EXERCISE DETAILS: Your job is to set down the stretch of entries that opens with the line containing "Este programa de" and closes with the line containing "Product contains compostable". Keep both end lines, copy each exactly, and add nothing.

Dataset records:
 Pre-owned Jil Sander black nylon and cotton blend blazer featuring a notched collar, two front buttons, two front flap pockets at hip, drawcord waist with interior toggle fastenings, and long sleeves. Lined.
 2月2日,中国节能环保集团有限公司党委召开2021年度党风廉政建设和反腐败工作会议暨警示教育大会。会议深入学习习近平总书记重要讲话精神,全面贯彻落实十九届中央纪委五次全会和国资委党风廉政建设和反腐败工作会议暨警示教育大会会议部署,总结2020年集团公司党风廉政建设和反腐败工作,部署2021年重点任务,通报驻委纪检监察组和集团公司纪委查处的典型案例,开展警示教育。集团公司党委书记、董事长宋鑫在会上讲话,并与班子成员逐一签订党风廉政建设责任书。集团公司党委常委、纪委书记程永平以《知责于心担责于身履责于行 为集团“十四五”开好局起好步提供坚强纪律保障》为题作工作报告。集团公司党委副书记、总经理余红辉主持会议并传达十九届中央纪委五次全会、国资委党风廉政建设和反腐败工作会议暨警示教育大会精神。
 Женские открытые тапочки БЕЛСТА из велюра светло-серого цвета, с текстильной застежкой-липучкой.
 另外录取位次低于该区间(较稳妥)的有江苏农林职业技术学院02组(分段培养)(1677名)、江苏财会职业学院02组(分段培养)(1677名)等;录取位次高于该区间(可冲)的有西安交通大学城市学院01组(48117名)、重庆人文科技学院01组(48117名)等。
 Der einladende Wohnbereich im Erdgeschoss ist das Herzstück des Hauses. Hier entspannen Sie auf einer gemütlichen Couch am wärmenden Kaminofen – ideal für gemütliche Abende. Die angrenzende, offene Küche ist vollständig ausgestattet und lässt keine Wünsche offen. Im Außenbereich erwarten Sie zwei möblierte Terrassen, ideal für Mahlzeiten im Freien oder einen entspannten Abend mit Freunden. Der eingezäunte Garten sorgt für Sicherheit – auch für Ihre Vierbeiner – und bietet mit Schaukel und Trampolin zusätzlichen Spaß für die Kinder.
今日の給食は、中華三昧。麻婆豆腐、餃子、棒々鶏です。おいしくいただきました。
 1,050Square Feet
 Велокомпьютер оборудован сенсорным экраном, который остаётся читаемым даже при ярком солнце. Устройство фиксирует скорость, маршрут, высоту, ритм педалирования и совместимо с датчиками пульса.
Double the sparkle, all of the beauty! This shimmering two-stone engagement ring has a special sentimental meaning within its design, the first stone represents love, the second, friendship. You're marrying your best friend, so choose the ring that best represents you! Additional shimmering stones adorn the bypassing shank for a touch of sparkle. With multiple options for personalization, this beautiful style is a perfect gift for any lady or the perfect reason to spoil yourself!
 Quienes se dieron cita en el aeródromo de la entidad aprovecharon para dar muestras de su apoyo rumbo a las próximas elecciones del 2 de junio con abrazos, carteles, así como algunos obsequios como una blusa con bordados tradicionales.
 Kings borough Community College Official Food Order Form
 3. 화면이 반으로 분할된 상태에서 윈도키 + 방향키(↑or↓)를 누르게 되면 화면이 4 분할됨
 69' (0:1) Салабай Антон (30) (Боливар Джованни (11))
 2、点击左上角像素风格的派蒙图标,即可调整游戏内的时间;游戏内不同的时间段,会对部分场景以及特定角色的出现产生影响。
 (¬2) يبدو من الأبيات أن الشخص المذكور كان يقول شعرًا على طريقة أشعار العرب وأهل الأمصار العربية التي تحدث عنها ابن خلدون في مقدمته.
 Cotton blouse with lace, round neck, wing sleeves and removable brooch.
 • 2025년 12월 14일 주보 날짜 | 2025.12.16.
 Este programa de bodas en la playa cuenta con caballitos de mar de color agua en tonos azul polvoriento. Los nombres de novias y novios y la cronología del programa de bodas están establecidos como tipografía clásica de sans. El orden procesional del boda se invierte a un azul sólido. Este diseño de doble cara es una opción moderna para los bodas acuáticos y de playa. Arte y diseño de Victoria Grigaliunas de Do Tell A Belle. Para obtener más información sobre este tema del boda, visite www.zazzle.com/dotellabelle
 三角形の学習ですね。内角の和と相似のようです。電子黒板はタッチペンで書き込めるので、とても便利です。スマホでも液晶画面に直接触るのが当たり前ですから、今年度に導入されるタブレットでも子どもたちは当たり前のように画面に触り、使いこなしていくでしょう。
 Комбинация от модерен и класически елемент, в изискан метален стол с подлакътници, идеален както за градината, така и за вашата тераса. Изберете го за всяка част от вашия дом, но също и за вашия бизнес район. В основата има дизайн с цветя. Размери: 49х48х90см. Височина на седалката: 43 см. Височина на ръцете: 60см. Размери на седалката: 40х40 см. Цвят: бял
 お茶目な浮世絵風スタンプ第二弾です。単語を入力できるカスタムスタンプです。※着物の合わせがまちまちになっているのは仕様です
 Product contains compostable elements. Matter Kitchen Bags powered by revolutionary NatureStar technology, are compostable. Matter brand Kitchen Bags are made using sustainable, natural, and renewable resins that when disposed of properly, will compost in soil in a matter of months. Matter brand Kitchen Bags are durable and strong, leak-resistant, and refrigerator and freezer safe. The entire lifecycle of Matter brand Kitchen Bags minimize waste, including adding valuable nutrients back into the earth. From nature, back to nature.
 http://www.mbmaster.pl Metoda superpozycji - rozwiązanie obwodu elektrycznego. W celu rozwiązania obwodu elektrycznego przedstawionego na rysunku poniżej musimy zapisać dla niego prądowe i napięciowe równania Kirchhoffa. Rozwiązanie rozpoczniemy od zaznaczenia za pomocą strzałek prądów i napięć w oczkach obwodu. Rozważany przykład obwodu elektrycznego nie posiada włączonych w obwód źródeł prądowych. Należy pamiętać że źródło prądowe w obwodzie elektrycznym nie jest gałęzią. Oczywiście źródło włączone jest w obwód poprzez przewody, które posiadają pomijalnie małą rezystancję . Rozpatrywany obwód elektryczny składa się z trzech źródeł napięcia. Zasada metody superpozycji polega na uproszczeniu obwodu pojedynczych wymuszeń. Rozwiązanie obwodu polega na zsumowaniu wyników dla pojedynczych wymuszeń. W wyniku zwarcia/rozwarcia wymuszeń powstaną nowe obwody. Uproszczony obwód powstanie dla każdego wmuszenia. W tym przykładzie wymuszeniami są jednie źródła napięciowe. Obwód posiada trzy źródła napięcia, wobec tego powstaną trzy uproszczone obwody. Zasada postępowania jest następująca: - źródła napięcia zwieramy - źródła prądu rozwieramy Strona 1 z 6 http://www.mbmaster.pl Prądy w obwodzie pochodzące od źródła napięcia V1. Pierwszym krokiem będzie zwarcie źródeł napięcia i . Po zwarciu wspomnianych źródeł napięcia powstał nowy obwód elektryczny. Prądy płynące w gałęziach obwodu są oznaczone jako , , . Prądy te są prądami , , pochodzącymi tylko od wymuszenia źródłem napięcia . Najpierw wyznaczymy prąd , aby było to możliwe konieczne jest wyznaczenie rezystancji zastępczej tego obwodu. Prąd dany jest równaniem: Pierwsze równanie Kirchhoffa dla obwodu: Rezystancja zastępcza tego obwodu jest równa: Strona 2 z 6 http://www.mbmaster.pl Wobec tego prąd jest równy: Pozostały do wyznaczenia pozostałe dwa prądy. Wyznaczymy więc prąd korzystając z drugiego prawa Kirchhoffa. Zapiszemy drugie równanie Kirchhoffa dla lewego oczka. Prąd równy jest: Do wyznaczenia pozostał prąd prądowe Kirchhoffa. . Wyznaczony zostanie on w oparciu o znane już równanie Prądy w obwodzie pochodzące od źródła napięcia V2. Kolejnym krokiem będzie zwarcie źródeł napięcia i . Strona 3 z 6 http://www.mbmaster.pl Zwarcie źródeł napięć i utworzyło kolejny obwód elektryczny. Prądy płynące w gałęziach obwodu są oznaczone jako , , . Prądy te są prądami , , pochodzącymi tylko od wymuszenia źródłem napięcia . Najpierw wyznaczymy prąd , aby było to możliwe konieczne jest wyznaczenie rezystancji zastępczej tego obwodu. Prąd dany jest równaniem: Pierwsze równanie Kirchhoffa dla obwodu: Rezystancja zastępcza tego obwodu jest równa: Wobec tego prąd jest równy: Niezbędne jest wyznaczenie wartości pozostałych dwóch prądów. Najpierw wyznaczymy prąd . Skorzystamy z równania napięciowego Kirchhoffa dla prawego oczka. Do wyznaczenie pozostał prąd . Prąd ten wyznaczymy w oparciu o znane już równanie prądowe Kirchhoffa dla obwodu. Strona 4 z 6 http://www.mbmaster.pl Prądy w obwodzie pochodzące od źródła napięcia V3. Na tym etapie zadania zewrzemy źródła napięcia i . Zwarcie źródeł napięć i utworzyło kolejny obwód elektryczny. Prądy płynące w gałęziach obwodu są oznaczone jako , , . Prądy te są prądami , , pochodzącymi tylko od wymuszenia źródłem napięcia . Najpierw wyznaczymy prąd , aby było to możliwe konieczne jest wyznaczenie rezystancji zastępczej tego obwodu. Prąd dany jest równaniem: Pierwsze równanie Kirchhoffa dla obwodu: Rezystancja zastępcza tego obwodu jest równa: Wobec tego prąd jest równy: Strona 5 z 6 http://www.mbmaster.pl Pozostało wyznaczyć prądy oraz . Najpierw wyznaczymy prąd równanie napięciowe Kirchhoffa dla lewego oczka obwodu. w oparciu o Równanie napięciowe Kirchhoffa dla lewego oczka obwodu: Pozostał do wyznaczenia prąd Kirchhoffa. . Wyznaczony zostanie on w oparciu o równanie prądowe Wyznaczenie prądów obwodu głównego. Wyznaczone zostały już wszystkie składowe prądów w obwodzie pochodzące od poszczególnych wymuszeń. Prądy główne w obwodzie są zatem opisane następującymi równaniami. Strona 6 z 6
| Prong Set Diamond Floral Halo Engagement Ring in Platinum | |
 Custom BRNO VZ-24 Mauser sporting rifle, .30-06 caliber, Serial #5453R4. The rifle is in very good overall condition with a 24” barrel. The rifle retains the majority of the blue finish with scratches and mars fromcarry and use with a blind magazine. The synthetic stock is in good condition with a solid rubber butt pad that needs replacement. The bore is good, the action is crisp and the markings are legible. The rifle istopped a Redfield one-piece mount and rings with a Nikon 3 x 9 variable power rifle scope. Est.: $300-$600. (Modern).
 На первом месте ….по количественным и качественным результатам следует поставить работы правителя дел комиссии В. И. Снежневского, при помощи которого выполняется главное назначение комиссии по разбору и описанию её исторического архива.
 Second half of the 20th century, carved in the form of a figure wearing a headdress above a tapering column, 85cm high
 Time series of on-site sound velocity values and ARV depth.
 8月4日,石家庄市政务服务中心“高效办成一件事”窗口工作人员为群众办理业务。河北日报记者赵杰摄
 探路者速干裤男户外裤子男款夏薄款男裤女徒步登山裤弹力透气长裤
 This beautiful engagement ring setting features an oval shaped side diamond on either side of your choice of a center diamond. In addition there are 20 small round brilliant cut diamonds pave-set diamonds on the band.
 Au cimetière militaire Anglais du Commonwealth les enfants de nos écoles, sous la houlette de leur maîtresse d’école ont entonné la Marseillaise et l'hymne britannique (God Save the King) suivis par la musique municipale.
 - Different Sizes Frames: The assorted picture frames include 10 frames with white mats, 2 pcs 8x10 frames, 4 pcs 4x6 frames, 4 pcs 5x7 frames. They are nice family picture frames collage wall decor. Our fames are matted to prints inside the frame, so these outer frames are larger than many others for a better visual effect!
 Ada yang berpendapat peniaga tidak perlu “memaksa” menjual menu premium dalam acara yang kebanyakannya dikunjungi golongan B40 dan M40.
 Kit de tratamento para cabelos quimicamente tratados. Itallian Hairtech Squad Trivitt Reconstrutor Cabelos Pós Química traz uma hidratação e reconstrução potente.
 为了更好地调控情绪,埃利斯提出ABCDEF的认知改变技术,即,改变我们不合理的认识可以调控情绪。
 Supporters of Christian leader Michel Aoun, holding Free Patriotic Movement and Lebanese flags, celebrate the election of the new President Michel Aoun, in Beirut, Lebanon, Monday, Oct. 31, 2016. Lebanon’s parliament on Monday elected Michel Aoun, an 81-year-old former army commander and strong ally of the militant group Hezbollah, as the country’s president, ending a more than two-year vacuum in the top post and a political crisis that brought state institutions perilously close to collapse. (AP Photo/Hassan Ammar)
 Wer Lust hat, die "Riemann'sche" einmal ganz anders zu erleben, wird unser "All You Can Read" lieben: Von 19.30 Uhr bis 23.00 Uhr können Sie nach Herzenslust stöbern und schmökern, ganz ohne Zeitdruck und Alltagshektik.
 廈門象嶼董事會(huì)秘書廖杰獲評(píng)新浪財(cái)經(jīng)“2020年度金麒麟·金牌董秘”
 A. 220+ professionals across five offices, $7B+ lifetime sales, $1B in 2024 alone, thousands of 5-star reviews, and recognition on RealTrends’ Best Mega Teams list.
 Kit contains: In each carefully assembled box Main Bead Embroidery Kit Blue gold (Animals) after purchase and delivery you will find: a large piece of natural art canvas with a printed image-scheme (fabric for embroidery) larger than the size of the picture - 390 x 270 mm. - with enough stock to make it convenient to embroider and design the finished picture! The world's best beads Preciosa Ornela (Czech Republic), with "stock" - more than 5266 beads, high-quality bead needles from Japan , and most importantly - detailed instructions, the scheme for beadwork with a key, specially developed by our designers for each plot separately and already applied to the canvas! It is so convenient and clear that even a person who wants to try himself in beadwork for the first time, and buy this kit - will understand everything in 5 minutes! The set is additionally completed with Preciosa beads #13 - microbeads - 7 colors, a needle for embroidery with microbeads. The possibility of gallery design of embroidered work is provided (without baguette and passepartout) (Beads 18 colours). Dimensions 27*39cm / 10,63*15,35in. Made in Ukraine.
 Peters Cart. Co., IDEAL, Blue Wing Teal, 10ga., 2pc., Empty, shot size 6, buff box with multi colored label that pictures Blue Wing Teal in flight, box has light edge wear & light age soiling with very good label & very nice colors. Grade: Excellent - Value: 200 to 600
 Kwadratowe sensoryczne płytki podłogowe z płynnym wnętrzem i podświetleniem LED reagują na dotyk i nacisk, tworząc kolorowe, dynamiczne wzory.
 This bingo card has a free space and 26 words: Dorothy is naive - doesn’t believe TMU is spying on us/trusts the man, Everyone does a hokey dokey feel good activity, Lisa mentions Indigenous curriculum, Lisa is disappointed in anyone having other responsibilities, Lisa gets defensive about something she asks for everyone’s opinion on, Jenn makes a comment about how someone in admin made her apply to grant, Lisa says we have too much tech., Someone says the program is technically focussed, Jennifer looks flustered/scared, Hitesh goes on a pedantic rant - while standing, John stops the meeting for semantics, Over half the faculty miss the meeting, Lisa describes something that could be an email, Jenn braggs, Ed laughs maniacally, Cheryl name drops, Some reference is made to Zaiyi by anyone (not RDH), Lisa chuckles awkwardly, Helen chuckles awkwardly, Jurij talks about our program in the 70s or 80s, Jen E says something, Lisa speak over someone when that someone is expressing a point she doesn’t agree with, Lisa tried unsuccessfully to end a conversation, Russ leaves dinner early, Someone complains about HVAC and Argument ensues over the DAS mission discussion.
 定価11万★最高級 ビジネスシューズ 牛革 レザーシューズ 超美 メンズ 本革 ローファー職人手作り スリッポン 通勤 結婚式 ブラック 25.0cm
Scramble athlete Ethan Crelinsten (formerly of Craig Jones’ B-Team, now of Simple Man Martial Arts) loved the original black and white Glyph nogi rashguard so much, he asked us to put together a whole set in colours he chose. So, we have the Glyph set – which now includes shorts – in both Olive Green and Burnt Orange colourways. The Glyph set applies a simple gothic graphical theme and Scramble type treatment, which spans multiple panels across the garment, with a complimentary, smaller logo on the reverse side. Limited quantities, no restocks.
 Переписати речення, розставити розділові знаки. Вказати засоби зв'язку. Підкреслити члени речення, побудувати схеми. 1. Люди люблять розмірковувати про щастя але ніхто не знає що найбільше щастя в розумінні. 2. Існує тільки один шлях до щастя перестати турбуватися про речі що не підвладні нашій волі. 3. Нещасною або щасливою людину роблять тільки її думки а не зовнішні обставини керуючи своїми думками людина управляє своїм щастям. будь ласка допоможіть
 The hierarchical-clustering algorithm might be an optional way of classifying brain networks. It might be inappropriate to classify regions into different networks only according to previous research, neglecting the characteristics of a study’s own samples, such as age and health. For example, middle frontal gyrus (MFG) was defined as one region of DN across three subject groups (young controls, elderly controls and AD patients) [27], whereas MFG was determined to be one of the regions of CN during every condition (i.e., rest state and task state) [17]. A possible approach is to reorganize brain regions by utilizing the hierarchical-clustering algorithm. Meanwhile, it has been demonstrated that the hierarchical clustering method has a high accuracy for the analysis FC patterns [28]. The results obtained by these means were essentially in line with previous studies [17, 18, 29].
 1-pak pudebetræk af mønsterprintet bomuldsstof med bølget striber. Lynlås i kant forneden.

PROBLEM SOLUTION:
 Este programa de bodas en la playa cuenta con caballitos de mar de color agua en tonos azul polvoriento. Los nombres de novias y novios y la cronología del programa de bodas están establecidos como tipografía clásica de sans. El orden procesional del boda se invierte a un azul sólido. Este diseño de doble cara es una opción moderna para los bodas acuáticos y de playa. Arte y diseño de Victoria Grigaliunas de Do Tell A Belle. Para obtener más información sobre este tema del boda, visite www.zazzle.com/dotellabelle
 三角形の学習ですね。内角の和と相似のようです。電子黒板はタッチペンで書き込めるので、とても便利です。スマホでも液晶画面に直接触るのが当たり前ですから、今年度に導入されるタブレットでも子どもたちは当たり前のように画面に触り、使いこなしていくでしょう。
 Комбинация от модерен и класически елемент, в изискан метален стол с подлакътници, идеален както за градината, така и за вашата тераса. Изберете го за всяка част от вашия дом, но също и за вашия бизнес район. В основата има дизайн с цветя. Размери: 49х48х90см. Височина на седалката: 43 см. Височина на ръцете: 60см. Размери на седалката: 40х40 см. Цвят: бял
 お茶目な浮世絵風スタンプ第二弾です。単語を入力できるカスタムスタンプです。※着物の合わせがまちまちになっているのは仕様です
 Product contains compostable elements. Matter Kitchen Bags powered by revolutionary NatureStar technology, are compostable. Matter brand Kitchen Bags are made using sustainable, natural, and renewable resins that when disposed of properly, will compost in soil in a matter of months. Matter brand Kitchen Bags are durable and strong, leak-resistant, and refrigerator and freezer safe. The entire lifecycle of Matter brand Kitchen Bags minimize waste, including adding valuable nutrients back into the earth. From nature, back to nature.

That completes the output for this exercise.